Source: Energy Information Administration’s AEO, 2018 and 2019 editions.

The increased production is being driven by continued impressive growth in tight oil (i.e. “fracking” production). It is worth noting that new oil and gas leases in New Mexico contribute to expectations of production growth, as well as pipeline capacity growth. Furthermore, foreign oil producers have been struggling to fulfill demand, creating opportunities for U.S. suppliers to fill the gap. Venezuela’s socialist policies have been disastrous for its oil production, causing a fall of nearly a million barrels per day, and Canada’s rejection and subsequent nationalization of major pipeline projects has caused it to fall from projections by roughly 0.52 million barrels per day.

 

Reduced Net Imports

Increased domestic production is causing the United States’ expected net imports of crude oil to drop. The United States currently imports 5.9 million barrels a day. Last year’s AEO projected that the United States would import on net 5.4 million barrels per day in 2028, but this year’s AEO projects net imports by 2028 will be 2.8 million barrels per day—48 percent less oil than previously thought. Total oil trade volume will remain high regardless, on account of oil trade occurring among a range of grades.

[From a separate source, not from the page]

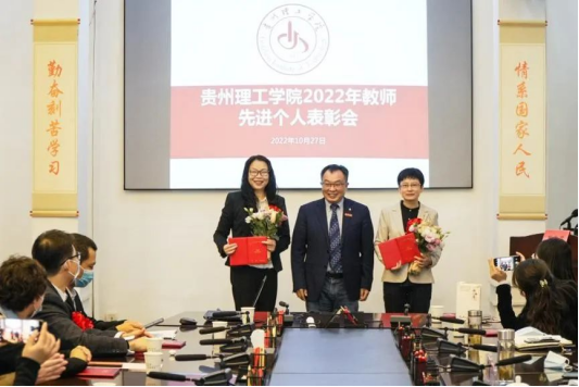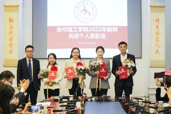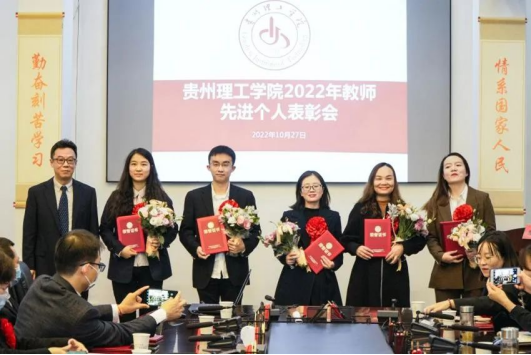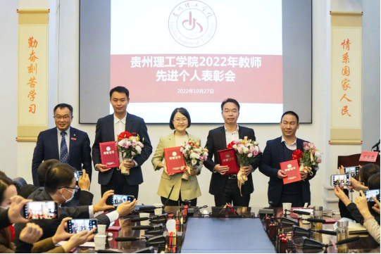 为深入学习宣传贯彻党的二十大精神,切实把全校教职工的思想和行动统一到党的二十大精神上来,进一步激发全校教职工奋进新征程、建功新时代的昂扬斗志,以崭新姿态和实干业绩,推动学校教育事业实现高质量发展。10月27日上午10时,学校在喀斯特会议厅举行“学习二十大精神,共话贵理工发展”2022年教师先进个人表彰会暨新进教师荣入仪式,对2022年学校评选出的教师先进个人和新进教师,致以崇高敬意和热烈欢迎。

Source: Energy Information Administration’s AEO, 2018 and 2019 editions.

One upshot is that foreign powers, although still key players in price formation, have a reduced ability to influence U.S. politics. Foreign producers might curtail supply to raise energy prices, but if oil prices increase, most of that increased revenue will go to U.S. companies, rather than state-owned foreign producers.

 

Lower Prices

Increased supply means lower prices, and the oil industry is no different. The latest projections show a nominal oil price of $107 per barrel by 2028, relative to last year’s projection of $112 per barrel. Given that oil prices were higher than expected in 2018, however, this relatively small difference translates to only a 54 percent increase in oil prices from today, instead of the expected 102 percent increase in last year’s AEO.

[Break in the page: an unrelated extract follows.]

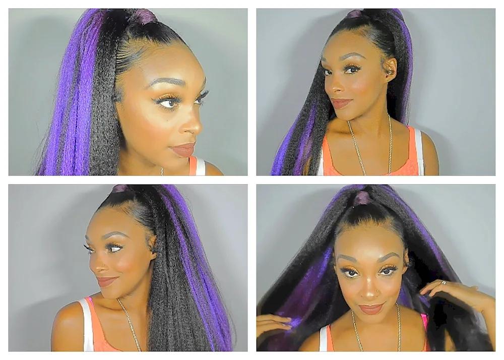Ponytail with Kanekalon and Braids Photos showcasing various hairstyles featuring a ponytail with Kanekalon extensions and intricate braids, perfect for adding volume and length to your look. Get inspired by these stunning images and try out a new hairstyle today!

Source: Energy Information Administration’s AEO, 2018 and 2019 editions.

Increased Economic Value

While this year’s AEO projects a slightly lower oil price than last year’s, this drop is more than offset by projected increases in production. Increased supply means lower prices and more economic value for consumers, and increased production means more sales and economic value for producers. Compared to last year’s projections, American oil producers can expect approximately $687 billion more in cumulative production value over the next 10 years—a 19 percent increase.

Source: AAF projections based on the Energy Information Administration’s AEO, 2018 and 2019 editions.

Why It Matters

Oil has been the subject of many policies aimed at energy security and environmental protection. The latest data confirm that free market policies provide the best environment for the promotion of both. While production is dropping in Canada and Venezuela, the competitive and private markets of energy production in the United States have created ample signals for investor opportunities that have paid off with increased domestic production. From an environmental perspective the same technology which has bolstered oil production has spurred natural gas production, and the replacement of coal with far cleaner natural gas is expected to continue.

Economically, these figures portend only good news for the U.S. economy. An American Action Forum report last year estimated that Americans are spending $431 billion less on energy annually, with most of that benefit coming from lower oil prices. As noted above, lower prices and increased production  mean increased wealth for the country.

These figures also highlight the continuing value of federal energy innovation spending. Federal research was the source of the directional drilling technology that has made directional drilling into shale formations possible, and that investment has more than paid off.